Event tables are a set of Events. Each event is identified by an unique id and a reason.

<Off event. >=
// An event, it could be a trap, an interrupt, ...
class off_Event: public off_HWResUnit {
public:

  // Sets h as the handler for this event
  void set_handler( off_EventHandler h);
  // Gets the handler.
  off_EventHandler get_handler(void);
};
Defines off_Event (links are to index).

Events are handled by EventHandlers which can rely either on portals or, when delivered inside the kernel, on function calls.

<Off event handler. >=
class off_EventHandler {
public:
  // Calls the handler
  virtual void operator()( off_event_t ev, off_ev_reason_t reason, ... )=0;
};

class off_FnEventHandler : public off_EventHandler {
private:
  void (*handler)(off_event_t ev, off_ev_reason_t reason, ...);
public:
  // Calls the handler
  virtual void operator()( off_event_t ev, off_ev_reason_t reason, ... );
};

class off_PrtlEventHandler : public off_EventHandler {
private:
  // Its handler is
  //    void (*handler)(off_event_t ev, off_ev_reason_t reason, ...);
  off_prtl_id_t handler;
public:
  // Calls the handler
  virtual void operator()( off_event_t ev, off_ev_reason_t reason, ... );
};

Defines off_EventHandler, off_FnEventHandler, off_PrtlEventHandler (links are to index).

where

<Off events and reasons data types. >=
typedef natural_t off_event_t;
typedef natural_t off_reason_t;
Defines off_event_t, off_reason_t (links are to index).
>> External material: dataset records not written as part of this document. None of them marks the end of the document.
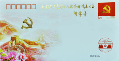 为庆祝中国共产党第十八次全国代表大会召开,中国邮政于11月8日发行《中国共产党第十八次全国代表大会》纪念邮票1套2枚、小型张1枚和印有胡锦涛总书记题词的《中国共产党第十八次全国代表大会》纪念封一枚。该套邮票图名分别为“科学发展”和“继往开来”,面值均为1.20元;小型张图名为“欢庆”,面值为6元。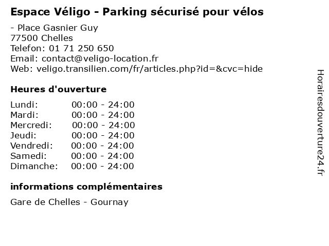 1 Espace Véligo - Parking sécurisé pour vélos (Distance: 13,08 km) 1 Place des Déportés, 93350 LE BOURGET abonnement, espace, location, parking, pour, sécurisé, sécurisés, transports, véligo, vélos 2 Onepark / Gare SNCF (Longue durée) Parking (Distance: 0,08 km) - Avenue du Maréchal de Lattre de Tassigny, 77500 Chelles durée, gare, longue, onepark, parking, services, sncf 3 Espace SFR (Distance: 2,09 km) . Gendarme Castermant, 77508 Chelles cafe, chaussures, enfants, espace, mode femmes, mode hommes, restaurant, sfr, sport 5 Espace Soleil (Distance: 4,39 km) 234 Boulevard du Mont d'Est, 93193 Noisy-le-Grand alimentation, beauté & santé, culture & loisirs, enfants, espace, high-tech, maison & déco, mode, restaurants, soleil 6 espace SFR (Distance: 4,39 km) 234 Boulevard du Mont d'Est, 93193 Noisy-le-Grand alimentation, beauté & santé, culture & loisirs, enfants, espace, high-tech, maison & déco, mode, restaurants, sfr |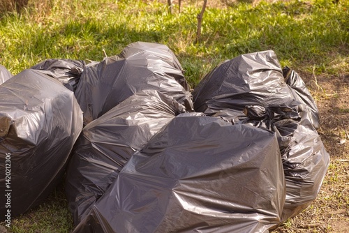 bag, plastic, black, heap, garbage bag, trash bag, pile, garbage, trash, full, outdoors, grass, cleaning, cleanup, ground, environment, environmental, pollution, many, nobody, bin, dump, green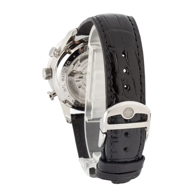 * All Pre-Owned IWC watches are guaranteed to be 100% genuine and certified authentic. Certificates are issued by Watch CSA, the industry’s leading independent authority on watch authentication. Watch CSA Certified Pre-Owned certificates are provided for an additional fee at checkout. All watches are shipped to fit the average size wrist (7 1/4″ – 7 1/2″ for men and 6 1/4″ – 6 1/2″ for women). Additional links can be purchased if needed. Note that “B&P” means “box and papers” where stated.

In turn, events may be either Traps or Irqs (interrupts).

<Off Trap. >=
class off_Trap: public off_Event {
private:
  off_mdepTrap &t_mdep;
};
Defines off_Trap (links are to index).

Although traps cannot be raised artificially, interrupts can (e.g. to notify users or interrupts ``caused by the kernel'', and not by the hardware).

<Off Irq. >=
class off_Irq: public off_Event {
private:
  off_mdepIrq &i_mdep;
public:
  void raise(void);
  <Other public methods of off_Irq. >

};
Defines off_Irq (links are to index).

Whenever an interrupt happens, we must choose either to evict the current shuttle to dispatch the interrupt to its handler or to defer interrupt delivering in favor of the current shuttle. To make a choice, both shuttles and interrupts have priority-levels. See section 5.1.3 for a discussion of interrupt priorities.

<Other public methods of off_Irq. >= (<-U)
   //Sets/Gets the priority level for this interrupt. 
   void set_prty(off_pl_t prty);
   off_pl_t get_prty(void);

where

<Off interrupt priority level data type. >=
typedef natural_t off_pl_t;
Defines off_pl_t (links are to index).

We have been seeing a few machine dependent objects like off_mdepEvState, off_mdepTrap, and off_mdepIrq. Those are defined for a particular architecture and their meaning should be clear by the context. Machine dependent objects are always prefixed by off_mdep and will be described along with the system implementation.

Finally, there are some ``traps'' defined by Off++ and not by the hardware, some of them have appeared before and some will appear later on.

<Off Virtual traps. >=
// Virtual (Off++ raised) exceptions
enum off_ex_t { OFF_EX_UNUSED,       // resource no longer referenced
                OFF_EX_MISSING,      // resource missing (remote?)
                OFF_EX_UNAVAILABLE,  // resource exhaust
                OFF_EX_RELOC,        // resource has moved
                OFF_EX_XDT,          // translation to native format needed
                OFF_EX_FWD,          // request should be processed remotely
        OFF_EX_SCERR         // system call failed
                };
Defines OFF_EX_FWD, OFF_EX_MISSING, OFF_EX_RELOC, OFF_EX_SCERR, off_ex_t, OFF_EX_UNAVAILABLE, OFF_EX_UNUSED, OFF_EX_XDT (links are to index).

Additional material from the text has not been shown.